--- Given data ---
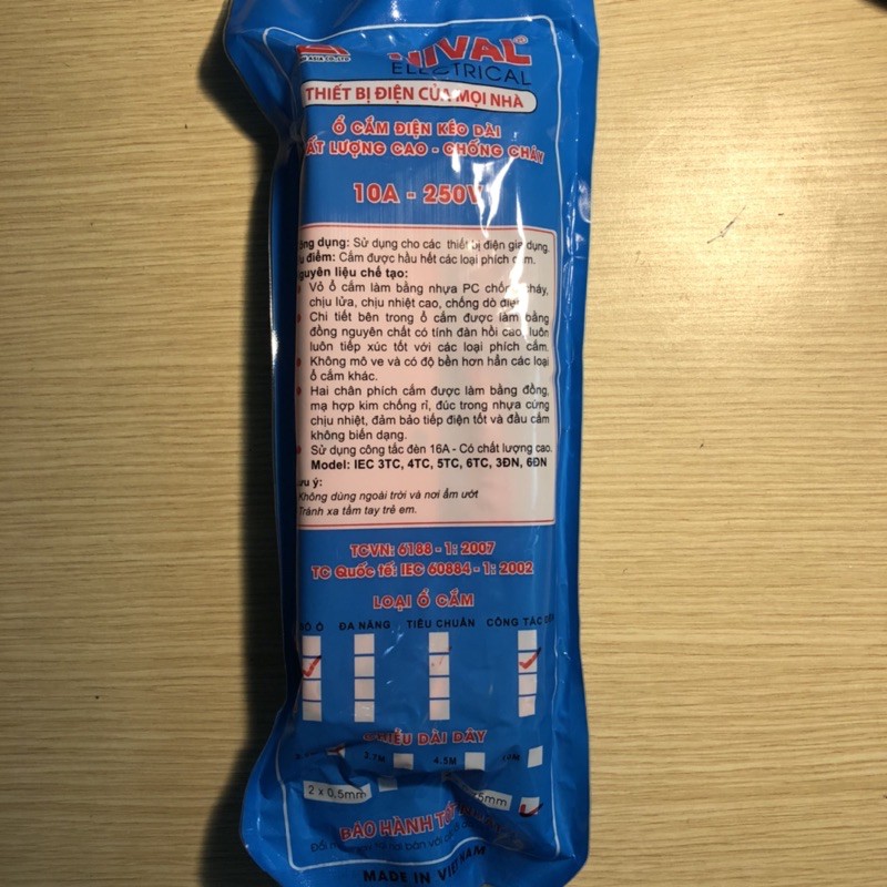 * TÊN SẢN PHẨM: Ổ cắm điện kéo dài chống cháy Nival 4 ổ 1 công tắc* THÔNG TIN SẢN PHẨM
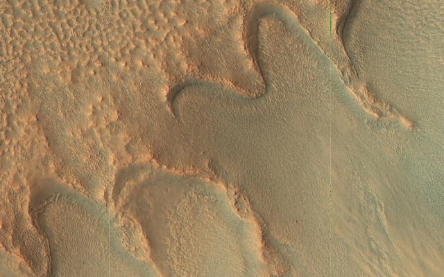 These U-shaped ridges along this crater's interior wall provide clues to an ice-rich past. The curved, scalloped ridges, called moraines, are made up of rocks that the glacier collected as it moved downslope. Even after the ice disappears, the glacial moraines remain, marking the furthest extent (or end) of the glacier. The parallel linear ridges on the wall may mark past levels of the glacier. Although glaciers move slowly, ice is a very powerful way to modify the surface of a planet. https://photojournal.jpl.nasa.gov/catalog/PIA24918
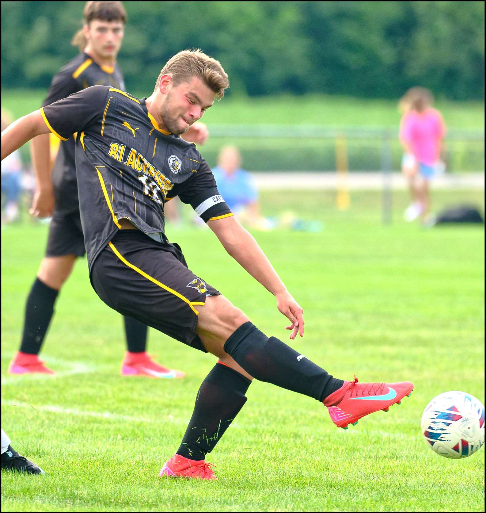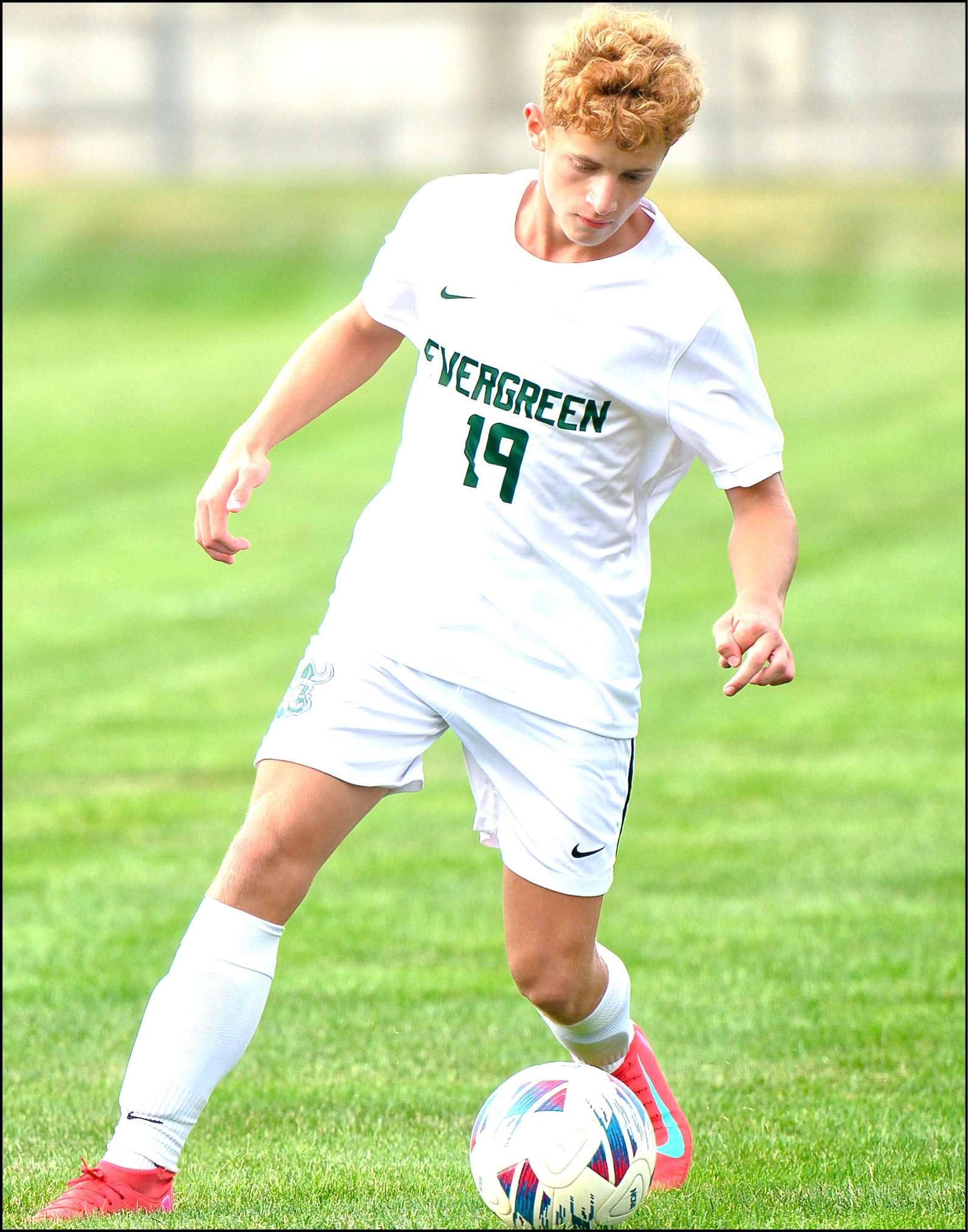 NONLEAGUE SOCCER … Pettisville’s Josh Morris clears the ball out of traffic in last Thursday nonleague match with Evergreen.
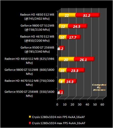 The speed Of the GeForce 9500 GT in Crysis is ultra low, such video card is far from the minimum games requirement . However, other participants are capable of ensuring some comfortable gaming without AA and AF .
---
--- Given data ---
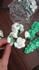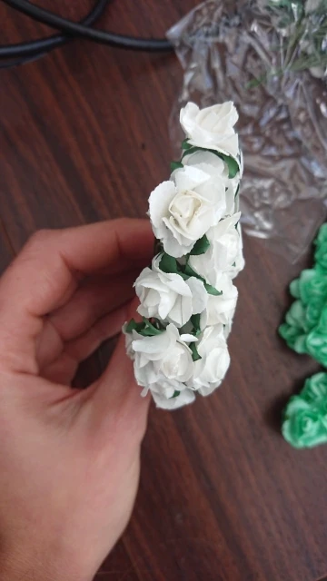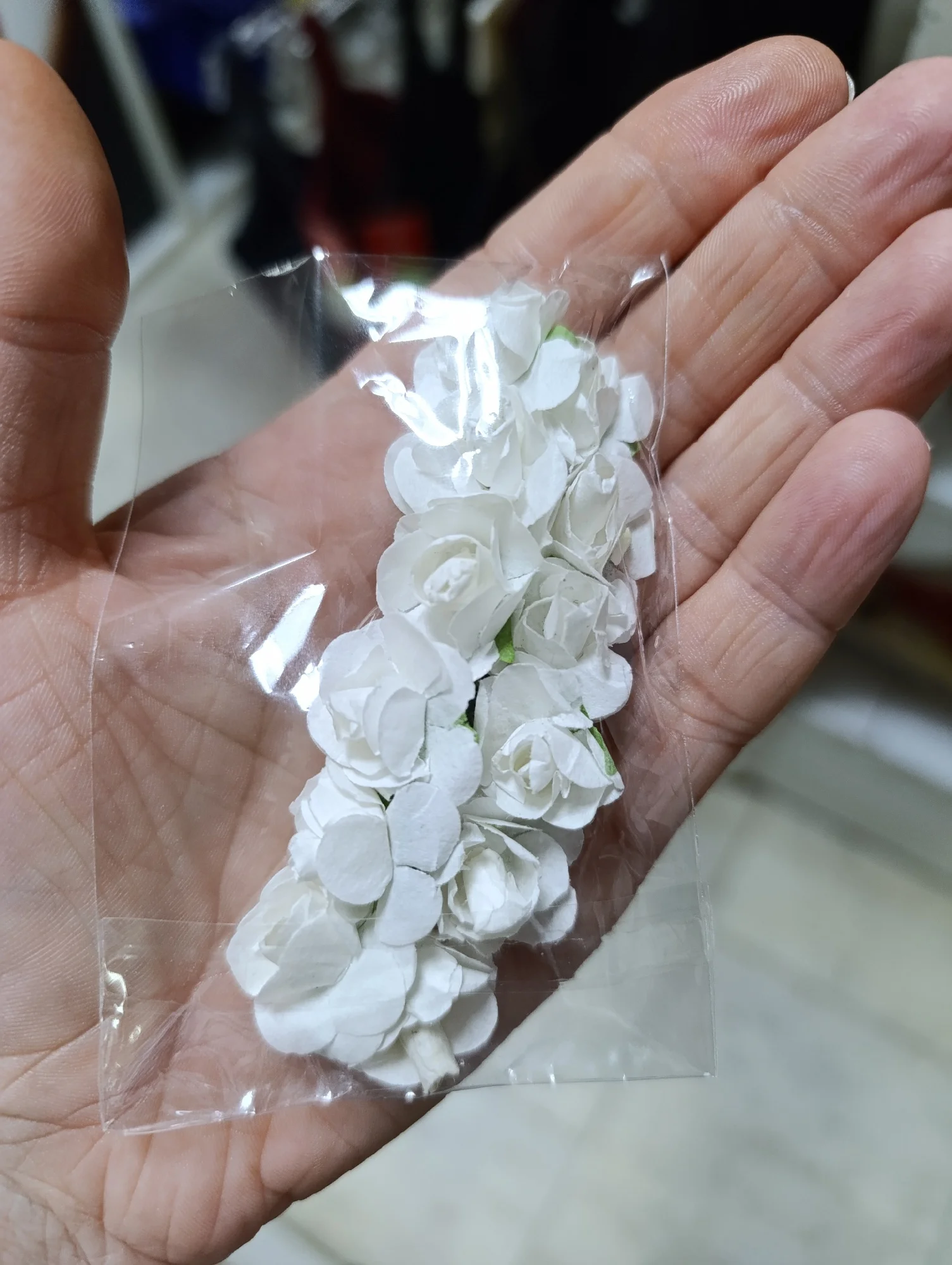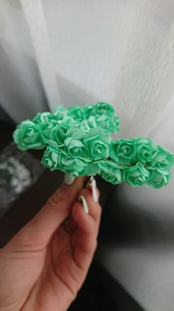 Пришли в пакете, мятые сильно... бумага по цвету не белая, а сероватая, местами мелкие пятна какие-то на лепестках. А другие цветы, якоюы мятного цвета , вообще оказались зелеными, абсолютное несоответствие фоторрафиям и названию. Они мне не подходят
---
--- Given data ---
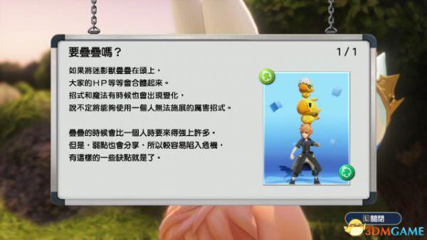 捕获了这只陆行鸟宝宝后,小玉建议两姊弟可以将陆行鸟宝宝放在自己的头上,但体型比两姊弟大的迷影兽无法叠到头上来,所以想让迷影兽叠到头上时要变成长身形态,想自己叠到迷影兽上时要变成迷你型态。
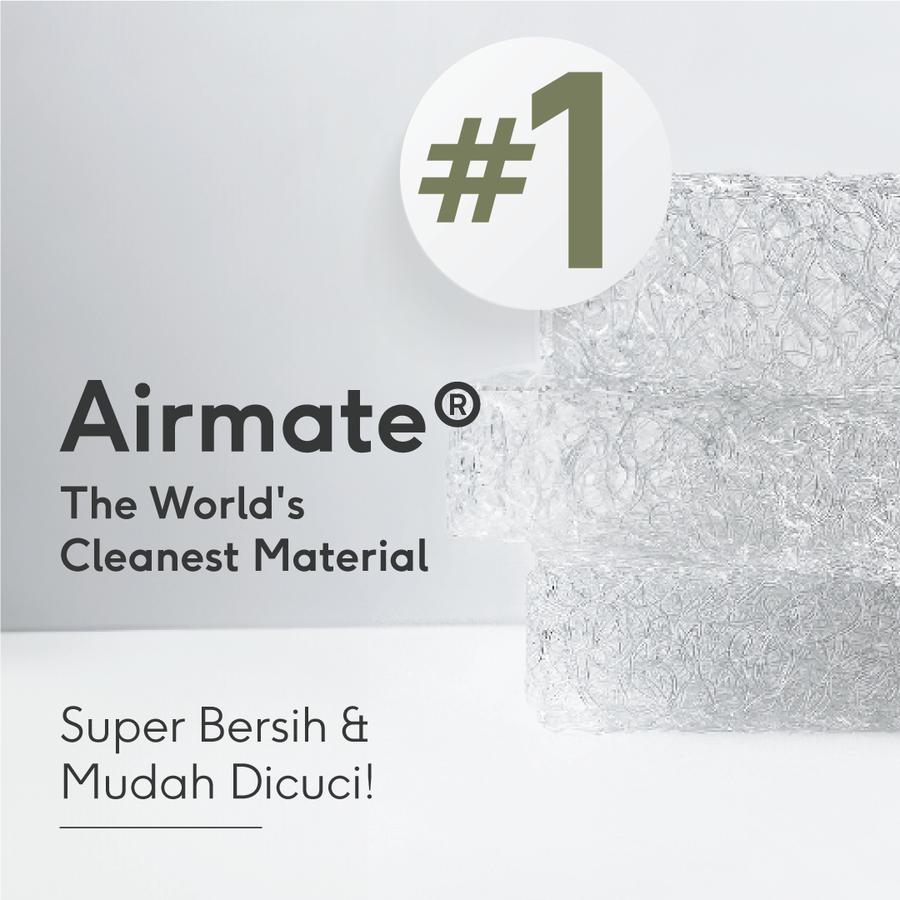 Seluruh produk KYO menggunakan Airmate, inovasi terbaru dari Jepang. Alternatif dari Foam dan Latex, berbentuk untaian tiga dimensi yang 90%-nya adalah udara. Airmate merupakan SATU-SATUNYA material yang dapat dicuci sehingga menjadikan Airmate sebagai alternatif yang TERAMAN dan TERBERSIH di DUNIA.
---
Task to complete> Reproduce exactly the lines of the data above that run from the line with "NONLEAGUE SOCCER …" down to the line with "The speed Of", both ends included. Pictures do not belong in the copy.

The answer>
 NONLEAGUE SOCCER … Pettisville’s Josh Morris clears the ball out of traffic in last Thursday nonleague match with Evergreen.
 The speed Of the GeForce 9500 GT in Crysis is ultra low, such video card is far from the minimum games requirement . However, other participants are capable of ensuring some comfortable gaming without AA and AF .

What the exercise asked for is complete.